▸ **Exercise**
For this task, output exactly the lines of the material below starting at the line with "往前走,只見展柜中陳列著不少" and ending at the line with "Agradezco a nuestro"; pictures are to be excluded.

══════════════════════════════

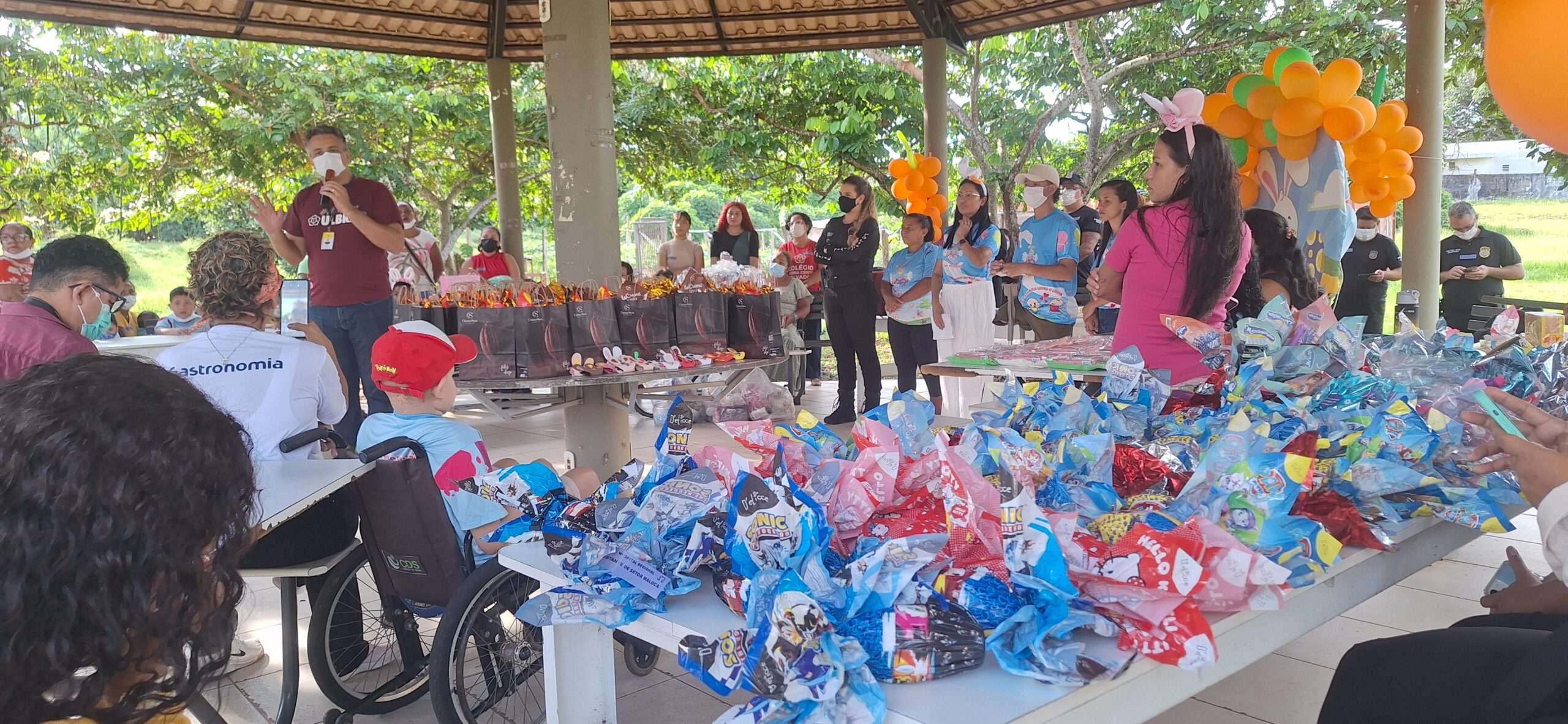 Pelo quarto ano, a Polícia Civil do estado do Pará também participou da comemoração de Páscoa. Nesta edição, além da doação dos ovos de chocolate, os policiais também trouxeram cestas básicas para ajudar as famílias.
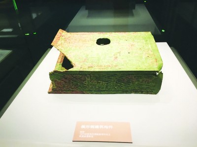 往前走,只見展柜中陳列著不少建筑構(gòu)件,如陶瓦、瓦當(dāng)、陶水管等,來自春秋戰(zhàn)國時期的各個都城。據(jù)《鹽鐵論·通有》:“燕之涿、薊,趙之邯鄲,魏之溫、軹,韓之滎陽,齊之臨淄,楚之宛陳,鄭之陽翟,三川之二周,富冠海內(nèi),緣為天下名都?!痹俳Y(jié)合這些年對都城城址的考古發(fā)現(xiàn),可證當(dāng)時都城的繁華。記者看到,在展柜中陳列著幾件青銅建筑構(gòu)件,有曲尺形的,有楔形的,有方筒形的。馬今洪介紹,其中的曲尺形銅建筑構(gòu)件,是目前發(fā)現(xiàn)時代較早的銅質(zhì)建筑構(gòu)件。這些銅質(zhì)建筑構(gòu)件一般用于連接枋、梁,主要起加固和裝飾作用。據(jù)展覽說明,由于色澤金黃,這些銅質(zhì)構(gòu)件又被稱為“黃金鋼”。這批建筑構(gòu)件的出土地陜西鳳翔,先秦時期屬于秦都雍城的范圍?!澳阆胂肟?,整個房子金光燦燦,當(dāng)時的雍城多壯觀??!”
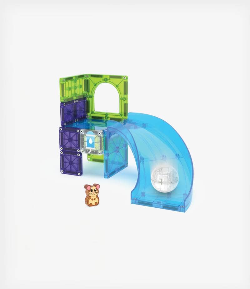 Το Hamster Ball 13-Piece Set της MAGNA-TILES συνδυάζει τη μαγεία της μαγνητικής κατασκευής με την τρυφερότητα ενός μικρού, παιχνιδιάρικου χάμστερ! Τα παιδιά δημιουργούν ένα διαδραστικό περιβάλλον με τσουλήθρα, σκάλα και παράθυρα, ενώ η κυλιόμενη μπάλα με το χάμστερ στο εσωτερικό δίνει ζωή στο παιχνίδι, ενισχύοντας τη φαντασία και την εξερεύνηση.
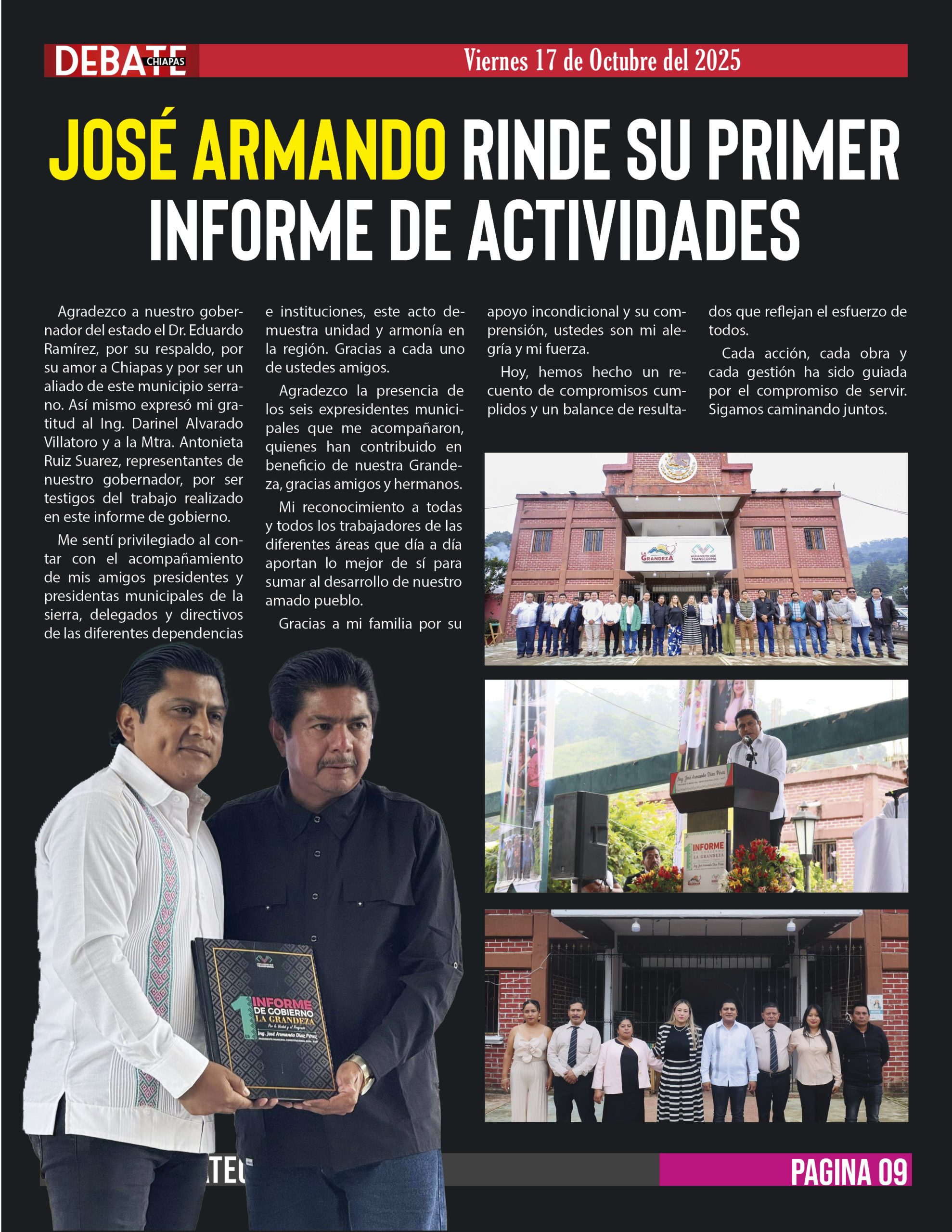 Agradezco a nuestro gobernador del estado el Dr. Eduardo Ramírez, por su respaldo, por su amor a Chiapas y por ser un aliado de este municipio serrano. Así mismo expresó mi gratitud al Ing. Darinel Alvarado Villatoro y a la Mtra. Antonieta Ruiz Suarez, representantes de nuestro gobernador, por ser testigos del trabajo realizado en este informe de gobierno.
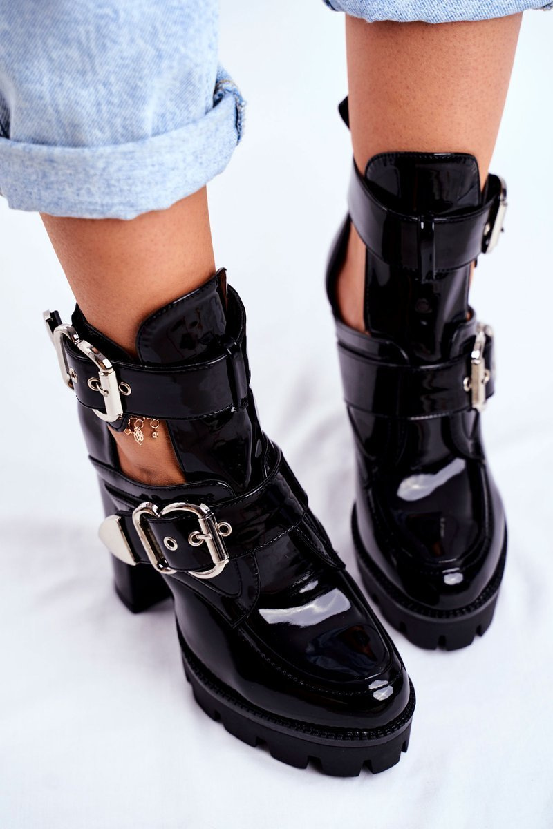 Exkluzivní dámské boty v mírně silnější verzi! Upevnění pomocí dvou velkých stříbrných přezek, vysokého sloupku a 3,5 cm platformy, a to vše v krásné lakované černé barvě <3 Získejte trochu mimořádného vzhledu a ukažte všem, kdo zde vládne ! Při výběru si zkontrolujte tabulku velikostí.
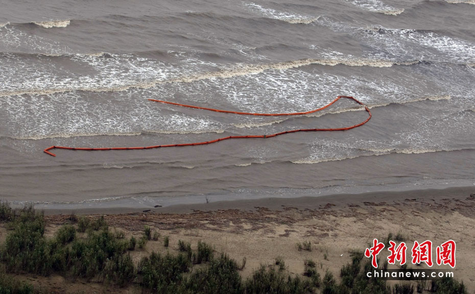 4月30日,在美國(guó)路易斯安那州海岸,為阻隔原油擴(kuò)散而設(shè)的護(hù)欄帶被海風(fēng)浪沖到岸邊。當(dāng)天,美國(guó)總統(tǒng)奧巴馬下令調(diào)查墨西哥灣石油鉆井平臺(tái)爆炸事件,以避免將來(lái)類似事件再次發(fā)生。平臺(tái)爆炸沉沒(méi)后泄漏的原油當(dāng)天已漂至美國(guó)沿岸。圖片來(lái)源:中國(guó)新聞網(wǎng)
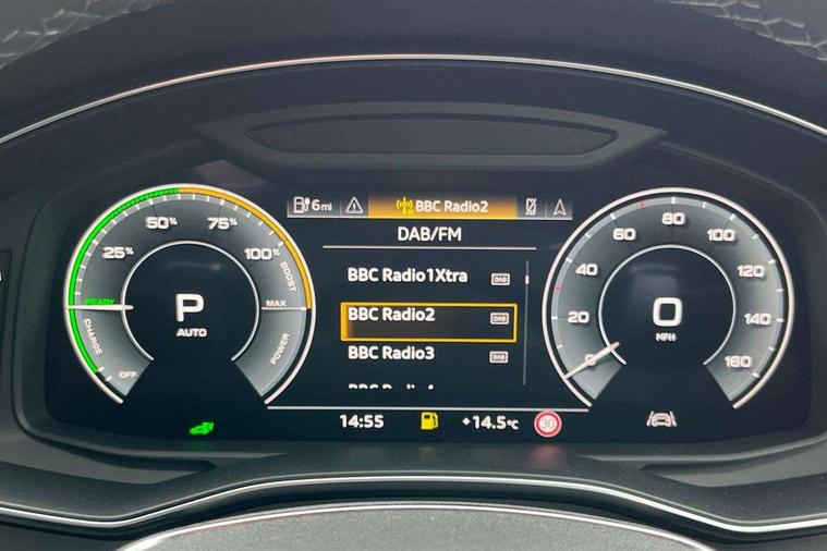 Audi connect safety and service (e-call), Audi connect with Amazon Alexa Integration, Audi drive select, Audi parking system plus - acoustic and visual park assist system for front and rear, Audi virtual cockpit, Automatic start/stop system with coasting functionality, Bluetooth interface, Camera based traffic sign recognition, Electric boot lid release, Lane departure warning system, MMI navigation plus with 10.1" and 8.6" touch screens, Progressive steering, Rear view camera, Service interval indicator, Smartphone interface includes wireless Apple carplay/Android Auto, Voice control system, 3 pin 10 amp domestic charging cable, 52 litre fuel tank, 7.4 kW onboard charger, Compact charging system, Hybrid propulsion system, Industrial connector CEE 32A, 230V, long and straight for the e-tron charging system, Mode 3 charging cable for public charging (AC), Sports suspension, Type 2 socket for AC charging, Audi front music interface, Audi sound system, Auxiliary input socket, DAB Digital radio, USB connection, Audi beam, Electric front/rear windows, Electrically adjustable heated and folding + automatically dimming exterior mirrors with memory function, Frameless auto dimming interior rear view mirror, Front intermittent wipers, Heat insulating darkened glass in side and rear windows, Heat insulating glass in windshield, LED rear lights with dynamic indicators, LED signature front daytime running light, LED third brake light, Matrix LED headlights, Matt black rear diffuser with diffuser strip and tailpipes in chrome, Matt black side air intake grille with inlay in matt aluminium, Omission of output/technology badging, Privacy glass, Radiator grille in anthracite black matt, single frame in chrome and horizontal struts in matt aluminium silver, Rain and light sensors, Rear boot, Rear side wing doors, 4 zone deluxe automatic climate control, 40/20/40 split folding 3 rear seat bench in 3 parts with rear centre armrest, Audi phone box light, Black cloth headlining, Electrically adjustable front seats including seat height, fore/aft position, backrest angle and 4-way lumbar with memory for driver's seat, Front and rear floor mats, Front centre armrest, Front head restraints, Heated front seats, Height/reach adjust steering wheel, Illuminated door sill trims with S logo, Illuminated sun visors with vanity mirrors, Leather gear knob, Rear headrests, Single front passenger seat, Stainless steel pedals and foot rest, Tool kit and car jack, Black styling package plus - A6 Black edition, LED Interior Ambient Lighting Pack - A6, Non smoking pack - A6, S line exterior style pack - A6, 3 point seatbelts on all seats, Airbags - Front side, front and rear including head, Audi pre-sense front, EBD - Electronic brakeforce distribution, Electromechanical parking brake, Electronic Stability Control (ESC) including ABS, ASR and EDL, Extended pedestrian protection measures, ISOFIX child seat mounting for front passenger seat and ISOFIX child seat mounting with Top Tether for outer rear seats, Manual child proof rear door locks, Seatbelt monitoring, Tyre pressure warning light, Warning triangle and first aid kit, Anti theft alarm with tow away protection, Anti-theft wheel bolts and wheel loosening detection, Immobiliser, Keyless Go, Remote central locking, Carbon twill inlays, Tyre repair kit,
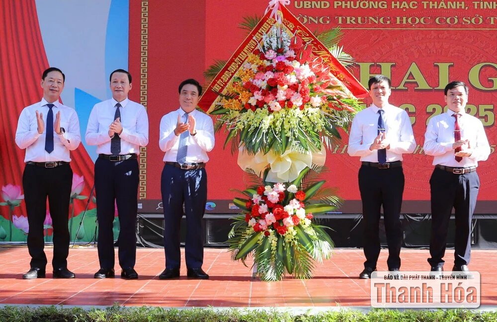 Dự lễ khai giảng tại điểm cầu Trường THCS Trần Mai Ninh, tỉnh Thanh Hóa, có các đồng chí: Nguyễn Doãn Anh, Ủy viên Trung ương Đảng, Bí thư Tỉnh ủy; Đỗ Minh Tuấn, Phó Bí thư Tỉnh ủy, Chủ tịch UBND tỉnh; lãnh đạo Sở GD&ĐT, phường Hạc Thành cùng các thầy cô giáo, các bậc phụ huynh và toàn thể các em học sinh Trường THCS Trần Mai Ninh.
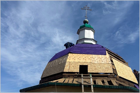 В Иоанно‑Предтеченском храме продолжается масштабный ремонт кровли — важное дело по сохранению духовного наследия для будущих поколений. С 2 марта 2026 года, после молебна на начало работ, специалисты выполнили ряд важных этапов: демонтировали старое покрытие кровли основного здания и куполов Алексеевского и Никаноровского приделов, частично заменили прогнившую деревянную обрешётку, осуществили монтаж ОСП (15 мм) и укладку подкладочных ковров, выполнили высотные работы по замене кровли купола колокольни, заменили навес над входной группой, уложили мягкую черепицу, установили водосточную систему и обшили карнизы, провели демонтаж покрытия основного купола, уложили двойное ОСП и покрыли мягкой черепицей.
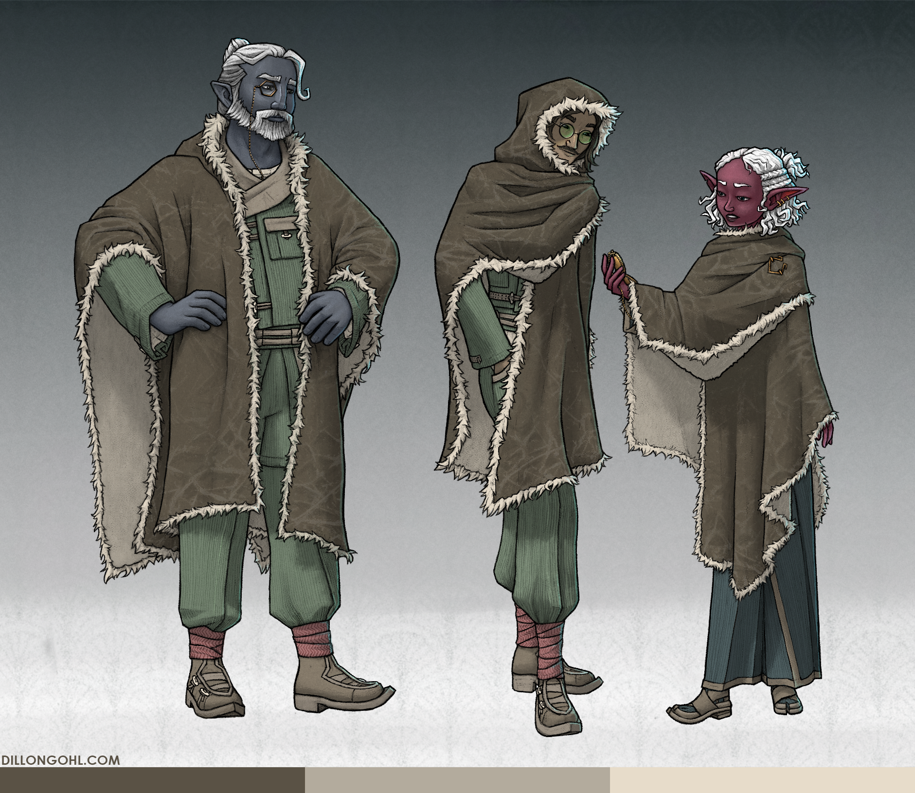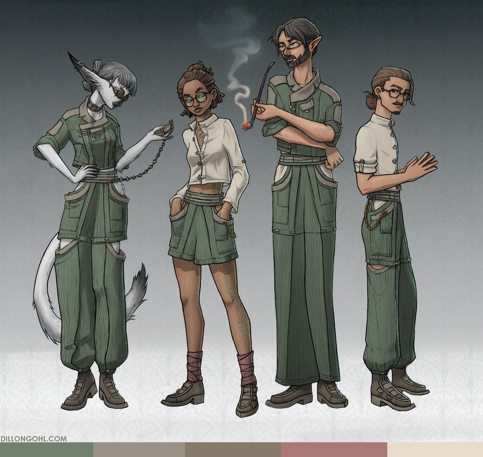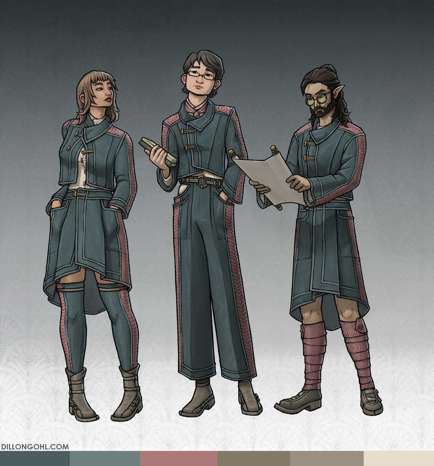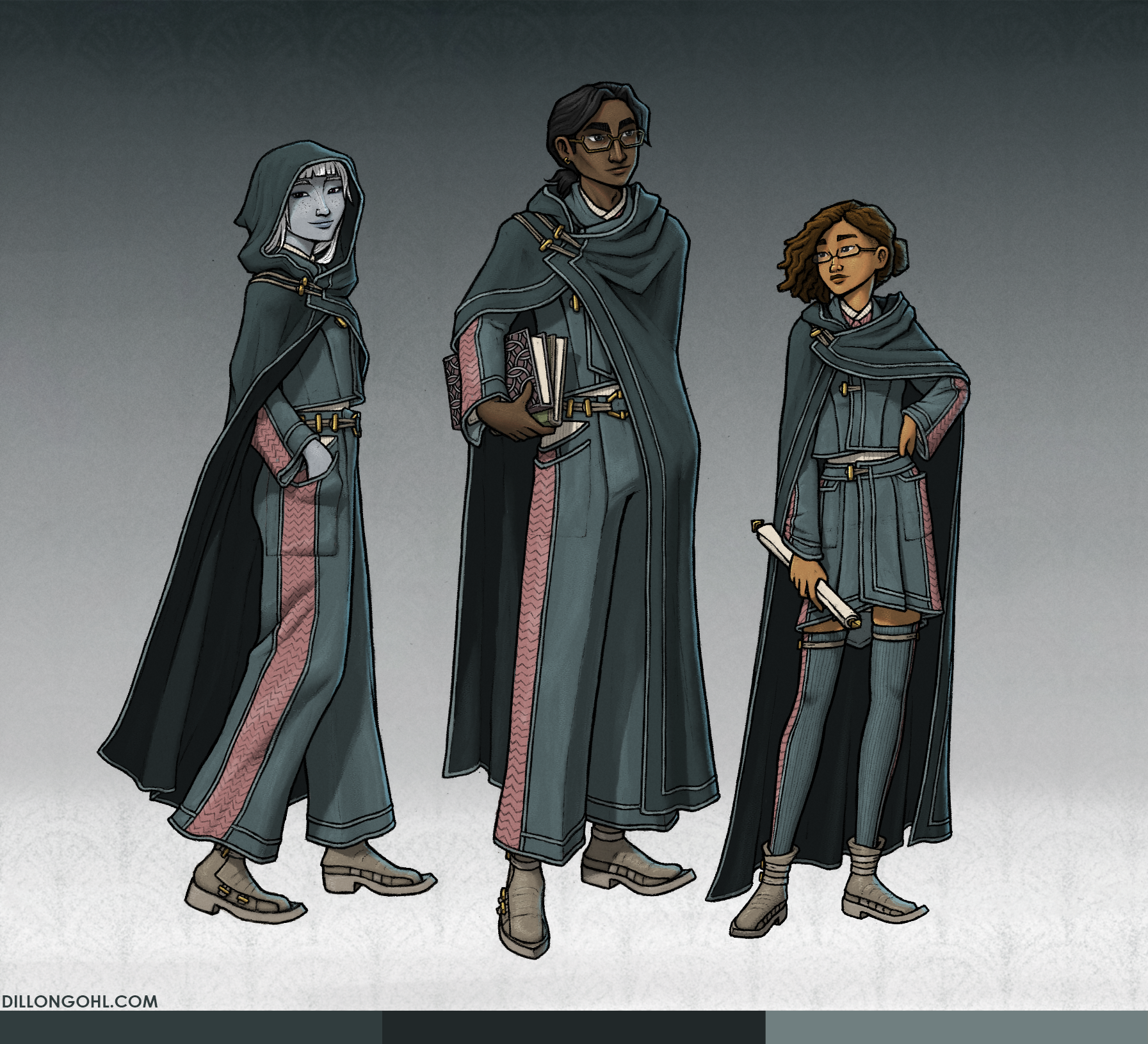 On KOSMOS, a multimedia worldbuilding project, I was tasked with designing and illustrating various uniforms for the students of a central location, Kaskadara University.

══════════════════════════════

▸ **Solution**
 往前走,只見展柜中陳列著不少建筑構(gòu)件,如陶瓦、瓦當(dāng)、陶水管等,來自春秋戰(zhàn)國時期的各個都城。據(jù)《鹽鐵論·通有》:“燕之涿、薊,趙之邯鄲,魏之溫、軹,韓之滎陽,齊之臨淄,楚之宛陳,鄭之陽翟,三川之二周,富冠海內(nèi),緣為天下名都?!痹俳Y(jié)合這些年對都城城址的考古發(fā)現(xiàn),可證當(dāng)時都城的繁華。記者看到,在展柜中陳列著幾件青銅建筑構(gòu)件,有曲尺形的,有楔形的,有方筒形的。馬今洪介紹,其中的曲尺形銅建筑構(gòu)件,是目前發(fā)現(xiàn)時代較早的銅質(zhì)建筑構(gòu)件。這些銅質(zhì)建筑構(gòu)件一般用于連接枋、梁,主要起加固和裝飾作用。據(jù)展覽說明,由于色澤金黃,這些銅質(zhì)構(gòu)件又被稱為“黃金鋼”。這批建筑構(gòu)件的出土地陜西鳳翔,先秦時期屬于秦都雍城的范圍?!澳阆胂肟?,整個房子金光燦燦,當(dāng)時的雍城多壯觀??!”
 Το Hamster Ball 13-Piece Set της MAGNA-TILES συνδυάζει τη μαγεία της μαγνητικής κατασκευής με την τρυφερότητα ενός μικρού, παιχνιδιάρικου χάμστερ! Τα παιδιά δημιουργούν ένα διαδραστικό περιβάλλον με τσουλήθρα, σκάλα και παράθυρα, ενώ η κυλιόμενη μπάλα με το χάμστερ στο εσωτερικό δίνει ζωή στο παιχνίδι, ενισχύοντας τη φαντασία και την εξερεύνηση.
 Agradezco a nuestro gobernador del estado el Dr. Eduardo Ramírez, por su respaldo, por su amor a Chiapas y por ser un aliado de este municipio serrano. Así mismo expresó mi gratitud al Ing. Darinel Alvarado Villatoro y a la Mtra. Antonieta Ruiz Suarez, representantes de nuestro gobernador, por ser testigos del trabajo realizado en este informe de gobierno.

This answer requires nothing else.